_EXERCISE DESCRIPTION_
The required output is the exact run of lines below that opens at the line with "Placa de vídeo,Placa" and closes at the line with "小米(MI)テレビ4 S 32リンチーハイビショップネル4".

_DATASET EXCERPTS_
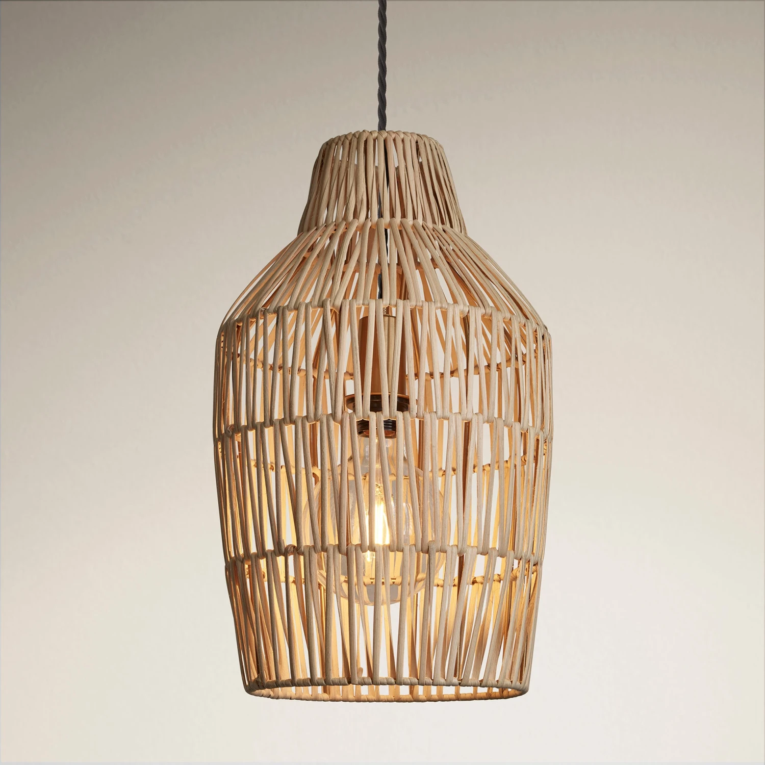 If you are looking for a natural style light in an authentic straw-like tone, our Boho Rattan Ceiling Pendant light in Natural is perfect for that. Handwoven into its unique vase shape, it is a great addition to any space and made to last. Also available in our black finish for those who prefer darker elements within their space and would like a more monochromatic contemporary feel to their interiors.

==

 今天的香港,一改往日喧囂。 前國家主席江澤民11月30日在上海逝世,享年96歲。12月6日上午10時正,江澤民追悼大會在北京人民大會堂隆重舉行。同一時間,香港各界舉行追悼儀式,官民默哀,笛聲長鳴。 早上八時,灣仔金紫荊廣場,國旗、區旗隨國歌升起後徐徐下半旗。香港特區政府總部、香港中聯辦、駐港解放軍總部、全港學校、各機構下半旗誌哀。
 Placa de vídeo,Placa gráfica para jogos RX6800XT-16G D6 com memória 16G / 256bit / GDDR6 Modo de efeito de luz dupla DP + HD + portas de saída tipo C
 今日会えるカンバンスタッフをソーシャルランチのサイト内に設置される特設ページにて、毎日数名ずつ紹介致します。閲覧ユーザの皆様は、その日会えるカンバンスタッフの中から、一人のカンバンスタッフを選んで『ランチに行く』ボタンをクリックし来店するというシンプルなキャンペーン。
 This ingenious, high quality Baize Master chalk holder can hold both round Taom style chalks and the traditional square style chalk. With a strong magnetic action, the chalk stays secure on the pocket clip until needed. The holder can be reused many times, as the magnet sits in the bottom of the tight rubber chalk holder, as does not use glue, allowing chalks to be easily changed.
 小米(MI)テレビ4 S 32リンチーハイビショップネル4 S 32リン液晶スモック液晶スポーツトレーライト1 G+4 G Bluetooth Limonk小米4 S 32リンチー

--

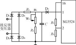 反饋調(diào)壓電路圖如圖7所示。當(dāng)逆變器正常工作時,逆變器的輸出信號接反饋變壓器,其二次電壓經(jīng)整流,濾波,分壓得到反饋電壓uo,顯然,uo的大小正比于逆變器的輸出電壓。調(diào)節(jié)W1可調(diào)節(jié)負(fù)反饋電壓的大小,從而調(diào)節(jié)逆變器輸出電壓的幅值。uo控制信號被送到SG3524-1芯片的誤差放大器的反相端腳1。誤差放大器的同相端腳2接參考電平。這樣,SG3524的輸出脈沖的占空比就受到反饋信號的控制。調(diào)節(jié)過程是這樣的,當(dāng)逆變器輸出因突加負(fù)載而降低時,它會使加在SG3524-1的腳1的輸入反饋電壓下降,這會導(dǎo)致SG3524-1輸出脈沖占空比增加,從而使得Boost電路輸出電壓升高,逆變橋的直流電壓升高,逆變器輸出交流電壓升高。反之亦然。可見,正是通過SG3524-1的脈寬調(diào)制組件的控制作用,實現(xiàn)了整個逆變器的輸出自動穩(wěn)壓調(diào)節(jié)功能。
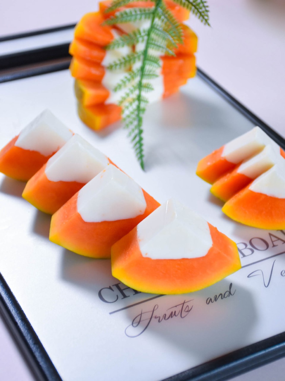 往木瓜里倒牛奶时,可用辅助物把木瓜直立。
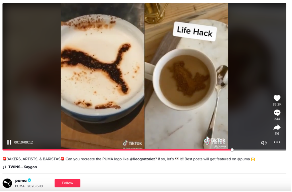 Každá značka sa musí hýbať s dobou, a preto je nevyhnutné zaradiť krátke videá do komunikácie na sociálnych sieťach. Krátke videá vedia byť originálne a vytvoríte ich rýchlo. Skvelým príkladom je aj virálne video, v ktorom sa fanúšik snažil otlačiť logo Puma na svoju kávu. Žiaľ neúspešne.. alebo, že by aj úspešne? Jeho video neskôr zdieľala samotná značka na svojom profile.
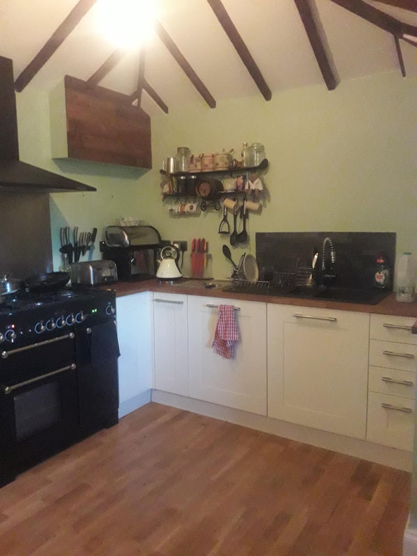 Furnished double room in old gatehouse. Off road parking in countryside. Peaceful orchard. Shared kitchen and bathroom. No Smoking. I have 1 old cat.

_OUTPUT FOR THIS EXERCISE_
 Placa de vídeo,Placa gráfica para jogos RX6800XT-16G D6 com memória 16G / 256bit / GDDR6 Modo de efeito de luz dupla DP + HD + portas de saída tipo C
 今日会えるカンバンスタッフをソーシャルランチのサイト内に設置される特設ページにて、毎日数名ずつ紹介致します。閲覧ユーザの皆様は、その日会えるカンバンスタッフの中から、一人のカンバンスタッフを選んで『ランチに行く』ボタンをクリックし来店するというシンプルなキャンペーン。
 This ingenious, high quality Baize Master chalk holder can hold both round Taom style chalks and the traditional square style chalk. With a strong magnetic action, the chalk stays secure on the pocket clip until needed. The holder can be reused many times, as the magnet sits in the bottom of the tight rubber chalk holder, as does not use glue, allowing chalks to be easily changed.
 小米(MI)テレビ4 S 32リンチーハイビショップネル4 S 32リン液晶スモック液晶スポーツトレーライト1 G+4 G Bluetooth Limonk小米4 S 32リンチー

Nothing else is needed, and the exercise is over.